2. Procédé suivant la revendication 1, dans lequel la matière résiduaire dangereuse est
incinérée dans la première zone d'incinération à une température de 816° à 1093°C
(1500° à 2000°F).
3. Procédé suivant la revendication 1 ou 2, dans lequel le courant de gaz combustible
est incinéré dans la seconde zone d'incinération à une température de 1093°C à 1427°C
(2000° à 2400°F).
4. Procédé suivant la revendication 1, 2 ou 3, dans lequel le deuxième courant gazeux
est refroidi à une température d'environ 240°C (450°F) au cours de la transformation
d'eau en vapeur d'eau.
5. Procédé suivant l'une quelconque des revendications précédentes, dans lequel la vitesse
spatiale du courant résultant passant sur le catalyseur oxydant est comprise dans
l'intervalle de 30 000 à 50 000 h⁻¹.
6. Procédé suivant l'une quelconque des revendications précédentes, dans lequel l'air
est ajouté au deuxième courant gazeux en une quantité fournissant un excès stoechiométrique
d'oxygène de 10 à 50 % dans le courant résultant.

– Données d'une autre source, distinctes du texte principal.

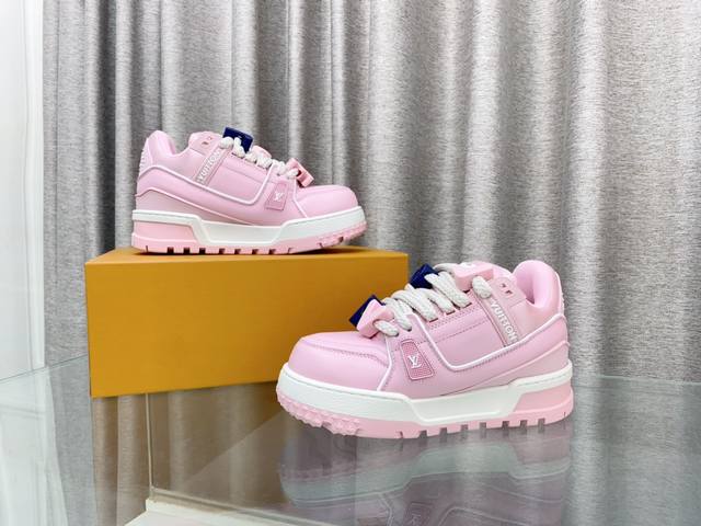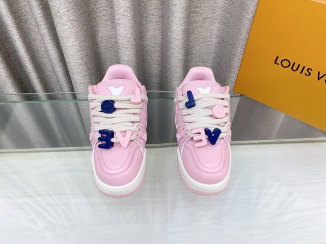 Lv #限女款 新款trainer Diy饰扣运动鞋板鞋 可爱胖trainer,来闭着眼睛买的款式,打破颜色的单一变化,更年轻了胖trainer也可以叫发福鞋,

7. Procédé suivant l'une quelconque des revendications précédentes, dans lequel le gaz
refroidi expulsé dans l'atmosphère est à une température d'environ 149° à 204°C (300°
à 400°F).
8. Appareil pour l'incinération d'une matière résiduaire dangereuse, comprenant un incinérateur
(200) à deux étages définissant une première zone de combustion (202) avec une zone
de combustion secondaire (204), des moyens d'introduction d'un combustible dans ladite
zone de combustion secondaire pour produire une atmosphère réductrice, des moyens
(216) pour produire de la vapeur d'eau à partir d'eau en utilisant une partie de l'énergie
calorifique de l'effluent provenant de ladite zone de combustion secondaire (204),
des moyens d'introduction d'air en aval de ladite zone de combustion secondaire (204),
une chambre de réaction oxydante (226) pour recevoir l'effluent enrichi en air provenant
desdits moyens d'introduction d'air, des moyens de récupération de chaleur (228) pour
l'évacuation de la chaleur de l'effluent en aval de ladite chambre de réaction oxydante
(226), et un évent (232) pour l'évacuation de l'effluent refroidi,
caractérisé en ce que
la première zone de combustion (202) comprend des moyens pour l'alimentation de
cette zone avec une matière résiduaire dangereuse,
et caractérisé par la présence
de moyens (218) pour ajouter un adsorbant alcalin à l'effluent provenant de ladite
zone de combustion secondaire (204), un sac de filtration (220) immédiatement en aval
desdits moyens (218) pour l'addition d'un adsorbant alcalin et immédiatement en amont
desdits moyens (204) pour l'addition d'air, et un catalyseur placé dans ladite chambre
de réaction oxydante (226).
9. Appareil suivant la revendication 8, dans lequel les moyens d'évacuation de chaleur
consistent en un économiseur.
10. Appareil suivant la revendication 8 ou 9, dans lequel l'évent est une cheminée.